Ken Davidoff

Ken Davidoff

MLB

Mets, Alderson face pressure to land key free agents

ORLANDO, Fla. — In three years running the Mets, Sandy Alderson has enjoyed more room for error than many general managers receive in a whole career. Frank Francisco? Shaun Marcum? Brandon Lyon? They’re all nothing more than noise, temporary workers hired to bide time until the Mets regained the tiniest semblance of financial flexibility.

Having written that, there’s one area in which Alderson needed to thrive to provide his long-suffering fan base with a foundation of hope, and so far, so good on the sell-high trades of Carlos Beltran (to San Francisco in 2011) and R.A. Dickey (to Toronto in 2012). Beltran brought back Zack Wheeler, who encouraged in his big-league debut last season, while Dickey begat catcher Travis d’Arnaud and stud minor-league pitcher Noah Syndergaard as well as big-league receiver John Buck, who joined bargain find Marlon Byrd in an August trade to Pittsburgh that further replenished the Mets’ youth brigade.

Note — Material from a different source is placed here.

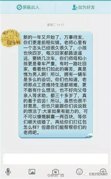 爆料帖中同時上傳了多張聊天記錄,其中一張顯示:“新的一年又開始了,萬事待發,你們更是前程似錦。老師心里有個念頭已經很久了,小孩也快四歲了,每次回家都路途遙遠,要轉幾次車,你們師母和小孩更是暈車嚴重,有時一路吐回家,看看他們如此痛苦,真是愧為男人啊!所以,擁有一輛車是多么的迫切。你們也知道老師那些工資維持生活都很艱難,更不敢有什么想法,也不好向父母親人求助,都三十多歲了,真的羞于啟齒!所以,雖然也很不好意思,但是也只能跟你們說說我的想法了:大家如果有能力的,可不可以慷慨解囊一兩百塊,等你們哪天結婚了,再給你們打紅包怎么樣?但愿你們能幫幫你們的老師吧。”

And now comes a dramatically different arena where Alderson and his deputies must connect. In which failure could be catastrophic to the organization’s future.

The Mets must hit big on the high-stakes free-agent market the same way they did with their high-profile trades.

“If you think about it, we were essentially representing a free agent in those trades, if you look at it that way,” Alderson said Tuesday at the general managers’ meetings. “Not surprisingly, what agents typically do is, they’re patient. But we can’t afford to be patient all of the time.

“There may be similarities, but I don’t think how we approached those deals necessarily represents how we’ll approach some free-agent signings this offseason.”

We already have a feel for the sort of game the Mets will be hunting this winter: Not the biggest. Jacoby Ellsbury and Shin-Soo Choo are out, despite the Mets’ obvious need for outfield help. They also very likely won’t be engaging in the high-level starting pitching market that features Matt Garza, Ubaldo Jimenez, Ervin Santana and Japanese right-hander Masahiro Tanaka.

No, the Mets’ speed will be more along the lines of shortstop Jhonny Peralta, Yankees outfielder Curtis Granderson and a buy-low starting pitcher like the Yankees’ Phil Hughes. Granderson told MLB Network on Tuesday his top priority is to join a winning team, which is interesting since two non-winning teams, the Mets and the Cubs, could top his list of suitors. The White Sox, also representing Granderson’s hometown of Chicago, seem likely to pass, as they’re looking for building blocks younger than Granderson’s 33 by Opening Day 2014.

The Mets’ trades of Beltran and Dickey rank among the better “Sell a veteran” deals that have gone down in the last three years. You also give high grades to the Rays’ sales of starting pitchers Matt Garza (to the Cubs) and James Shields (to Kansas City) and Oakland’s trades of Trevor Cahill (to Arizona) and Gio Gonzalez (to Washington), Milwaukee’s trade of Zack Greinke (to the Angels) and the Cubs’ deal of Garza (to Texas). Tampa Bay, Oakland and Milwaukee all faced similar pressures to deliver on their deals, as they all face financial pressure similar to that of the Mets — although, of course, those derive from market size and stadium problems rather than ownership wealth.

However, trades of this kind are easier to pull off than signing a free agent because the trading team has all of the information in front of it. There’s no flying blind as there can be in free agency, when you don’t always know which other clubs are involved and how much they’re bidding. You also are committing significant dollars to a player you probably won’t know very well.

Alderson has barely dipped into the free-agent market while running the Mets; his only eight-figure investment, Francisco, turned into a colossal bust, while Byrd became his greatest buy-low triumph. These next eight-figure investments have to produce, or else the Mets can find themselves right back in the mess — handcuffed by the contracts for Jason Bay and Johan Santana — from which they just escaped.

The improvement of the farm system under Alderson, through trades, international signings and the amateur draft, means these Mets possess some hope, even with Matt Harvey down for all of 2014 as he rehabilitates from Tommy John surgery. It means a run at .500, armed with those free agents they hope to obtain — or a bat acquired in a trade (the Angels’ Mark Trumbo?) with some of their young pitching — isn’t impossible.

The Mets are desperate to regain relevance, to win back some of their many disenchanted fans. The reservoir of patience, the room for error, has each pretty much dried up. The same people who made the Beltran and Dickey trades will now be charged with picking the right free agents. The bar is raised, but the Mets must soar just as high.